The answer should consist of each line from the data below that includes "sobre".

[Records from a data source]
○ ○ ○ ○
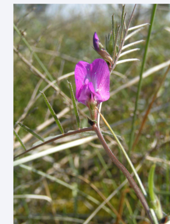
V. angustifolia L. [V. sativa subsp. nigra (L.) Ehrh.]

Folioles des f. sup. à L/l normalement > 10 (et bords parallèles) dents du calice* gen. ≥ 75% du tube (sur les fleurs inf.), subulées dans leur moitié apicale, à 3 nerv. coalescentes à partir de la mi-longueur étendard rouge purpurin éclatant, de même teinte que les ailes ; gousses noircissant précocement à maturité
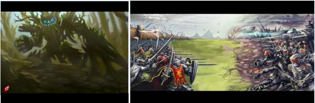
ilustrasi untuk game bertema medieval vs future
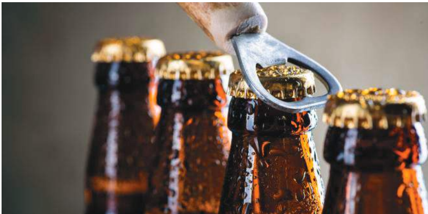
El Ministerio estableció que desde las 6:00 p. m. del sábado 12 de marzo hasta las 6:00 a. m. del lunes 14 de marzo habrá ley seca en el territorio colombiano.

Cuando se cierren las urnas, los medios de comunicación están obligados a solamente “suministrar información sobre resultados electorales provenientes de las autoridades electorales”, indicó el ministerio. En tal caso de difundir datos parciales se debe especificar “la fuente oficial, el número de mesas del cual proviene el resultado, el total de mesas de la circunscripción electoral y los porcentajes correspondientes al resultado que se ha suministrado”, agregó.
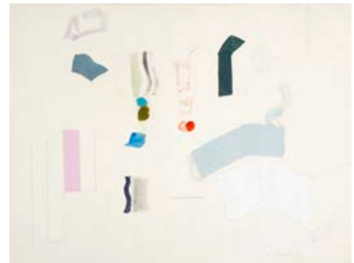
Sin título, 1969. Técnica mixta sobre papel. 32,5 x 40,5 cm

Procedencia: Estudio del artista || Colección hijos de Hernández Mompó
○ ○ ○ ○
SOLUTION FOR THIS TASK:
Cuando se cierren las urnas, los medios de comunicación están obligados a solamente “suministrar información sobre resultados electorales provenientes de las autoridades electorales”, indicó el ministerio. En tal caso de difundir datos parciales se debe especificar “la fuente oficial, el número de mesas del cual proviene el resultado, el total de mesas de la circunscripción electoral y los porcentajes correspondientes al resultado que se ha suministrado”, agregó.
Sin título, 1969. Técnica mixta sobre papel. 32,5 x 40,5 cm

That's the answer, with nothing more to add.